У бабушки было так хорошо, тепло, чисто. Комнаты уютнее наших, а сама бабушка — добрая, высокая, нарядная. Приезжало много гостей и разных моих теток. Все нарядные, в шляпах с лентами, в кринолинах. Но глаза были у всех испуганные. Я слышал, они говорили: «Плосковицкий, университет, Поляков, Петропавловская крепость, предатель». Я узнал, что отца увезли в тюрьму. Об этом много говорили потом, изо дня в день.
Через неделю я, Сергей и мать поехали в арестный дом у Бутырской заставы… Большие стены, солдаты, сабли, коридоры. Повел нас низенький лысый человек в мундире со светлыми пуговицами. Справа отворилась дверь; за нею — толстая железная решетка, а за решеткой несколько человек переговариваются с людьми, которые вошли сюда, как и мы. Заключенные — в длинных серых халатах и белых рубашках, за решеткой — отец. Мать поднимает меня на руки — отец, улыбаясь, целует меня через решетку…
— Пять минут прошло, — говорит лысый человек.
Мы уходим.
Не помню, кажется, с неделю после этого посещения — вернулся отец. Мы перебрались на улицу, всю в палисадниках: не то Садовую, не то Долгоруковскую, — забыл. Отец был задумчив. Мать показывала ему мои и Сергея рисунки карандашом. Я рисовал что-то с натуры из окна и тоже, как мать, зиму и избушку.
Скоро я захворал корью, и увезли меня к няне Тане. Ничего на свете нет лучше няни Тани! Как у ней хорошо — дом деревянный, лежанка, в окнах вата, покрытая разными шерстинками, а за окном зима… Я лежу больной и целый день ем халву, рахат-лукум, икру, пряники. Доктор Голубков не велел ничего есть, а няня Таня все велела:
— Ешь, касатик, — говорила. — Поросенка, икры, чего хочешь…

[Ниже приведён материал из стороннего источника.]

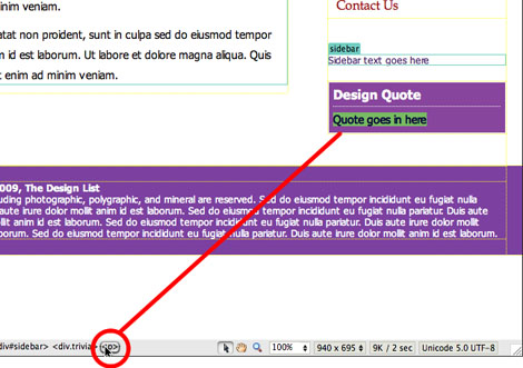 3. Click anywhere inside the purple “Design Quote” box and select Edit > Select All twice (or use the keyboard shortcut Ctrl-A/Command-A). The first “Select All” selects the contents of the box while the second selects the <div> tag (the box itself). (You could also use the tag selector method displayed in Figure 1 to select the div.)

Мать навещала меня каждый день, привозила мне винограда и пилюли в хорошеньких коробочках с картинками. На картинках — домики, горы, пастушки. А я рисую купальню в Кускове, где меня отец плавать учил. Но вода не выходит — трудно.

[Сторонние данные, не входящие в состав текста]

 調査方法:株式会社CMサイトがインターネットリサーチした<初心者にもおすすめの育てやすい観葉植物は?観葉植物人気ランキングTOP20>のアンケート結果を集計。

Лекарство приносила Таня и еще девью кожу. Уписывал я этой девьей кожи страсть сколько! Замечательная вещь.
Мать играла на рояле — арфы уже не было. Отец иногда пел. Мне нравилось, как он поет. Красивый был отец, замечательный! До сих пор не видал красивее человека.
Помню, сказал он раз, когда пришел к нам художник Лев Каменев (служивший раньше у моего деда):
— Зачем я не художник? Жаль. Не могу больше судить. Тьма кромешная. Не могу…
День и ночь сидел отец за книгами или что-то писал. Каждый день читал мне и брату, когда мы подросли, — особенно Достоевского, которым восторгался.
Вдруг остро заболел он сердцем. Я и мать клали ему на грудь свернутые мокрые полотенца.
Однажды в Медведкове, где мы жили на даче, близ Москвы, шли купаться в речку. Знакомый отца спросил его об аресте его. Отец, усмехнувшись, ответил:
— Кто-то написал в беседке стихи:
Бог ночлегов без постелей,
Бог проселочных дорог,
Бог, в особенности, немцев, —
Вот он, вот он, русский Бог.[327]«Русский бог» — стихотворение П. А. Вяземского (1828).
— Да то и не его было… А меня арестовали, но скоро отпустили.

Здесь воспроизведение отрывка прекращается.